Читал Неркаги и проваливаюсь в глубины мудрости, написанной следами людей на снегу истории.

Первые же строки «Белого ягеля» поглотили меня целиком. Я утонул. Эту повесть я отношу к тем литературным произведениям, которые вгрызаются в открытое сердце. Должен заострить внимание на слове «открытое». Людей много, книг много, нескончаемая лавина всевозможных текстов обрушивается на нас, но к большинству из них мы остаёмся закрыты, не пускаем их в себя: как плохие тексты, так и хорошие. Мы оберегаем себя как от мусора пошлости, так и от бремени чужого горя. Анна Неркаги предлагает нам своё горе. Это не личное горе её семьи, а горе её народа, которое она превратила в горе боль своей души.

Нужно ли читать такие книги?
Анна обрекает нас на плач, на страдания. Её мудрость, к сожалению, не возвышает нас. Или же она настолько сложна в своих камланиях увлекает нас в пучину страданий целого народа, чтобы мы потом нашли где-то силы очиститься и возвыситься? Но Неркаги не указывает нам путь к очищению — вот что пугает меня.

Читая книгу Неркаги, я сразу решил поделиться моими впечатлениями о ней и принялся делать выписки. Настроение подгоняло, я писал параллельно с чтением, что для меня было ново… А потом я потерял всё, что я написал. Искал, но не мог найти. Статья, которую я не успел закончить, пропала. Теперь я пытаюсь написать её заново, но настроение ушло. Я прочитал не только оглушивший меня «Белый ягель», но также «Анико», «Молчащий», «Илир». Впечатления от каждой повести накладывались друг на друга и ослабевали, бледнели. Я перечитал «Белый ягель» снова, но то первое впечатление, похожее на удар, больше не приходило. Я находил места, глубоко поразившие меня, но теперь они не казались мне полными прежней силы, хотя я понимаю, что они не изменились. И я спросил себя: не в магии ли первой встречи заключена сила Анны Неркаги? Не случайно же, читая каждую очередную её повесть, я испытывал нечто похожее на разочарование. Ждал того же, что потрясло меня в «Белом ягеле», но не находил, а если и находил, то уже знакомое, то есть повторы. Словно одну и ту же песню слушал я. Песню безысходности. Безмерная печаль разлита по книге Нркаги. Много одиночества. Постоянные думы о смерти. «Жизнь прожита. Уйти нужно вовремя и тихо, не пугая людей. Смерть наклонится над ним, как мать над ребёнком…» Проза Анны Неркаги наполнены умиранием. К моему глубочайшему сожалению, она не искрится жизнью. Её тоска — смертельная. Её мудрость — плач о потерянном.

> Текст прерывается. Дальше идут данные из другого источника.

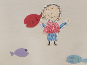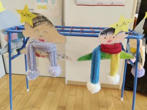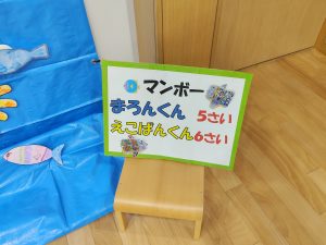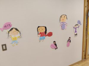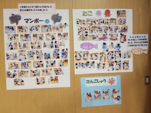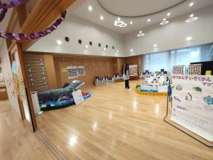 2/14(土) 作品展を実施しました。園児たちは前日からの準備で大きなカメとサメの人形をみんなで協力してホールまで運びました。
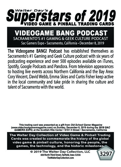 This trading card and trading card award were presented by Chris Modica on Sunday, December 8, 2019 to this deserving recipient who is recognized as an important contributor to the global video game culture. The card and award were created as a gift from OLD SCHOOL GAMER MAGAZINE (OldSchoolGamer.com) and presented during the 2019 SAC GAMERS EXPO, at the Scottish Rite Center in Sacramento, California.

«Десяпть лет, с провалами, когда за годы не писалось ни одной строчки, когда рукописи забрасывались в самые дальние углы чума, когда приступы невыносимой дьявольской гордыни заполняли всё моё существо, писалась повесть “Молчащий”. И в тот момент, когда я вынесла смертельный приговор и «Молчащему», и всему моему творчеству — не писать больше вообще, Господь наказал меня так, что я до сих пор плачу. Не творить — нет худшего наказания. Не любить — нет горестней участи. Я стою в начале. Только в сорок пять лет поняла, что стою в начале Того Единственного пути, который мне предначертан. И что в жизни кончилось моё личное время и началось другое. Богово. Ни один момент его не принадлежит мне, и не может быть потрачен по моей воле, но по воле Отца Вечного», — признаётся Анна Неркаги.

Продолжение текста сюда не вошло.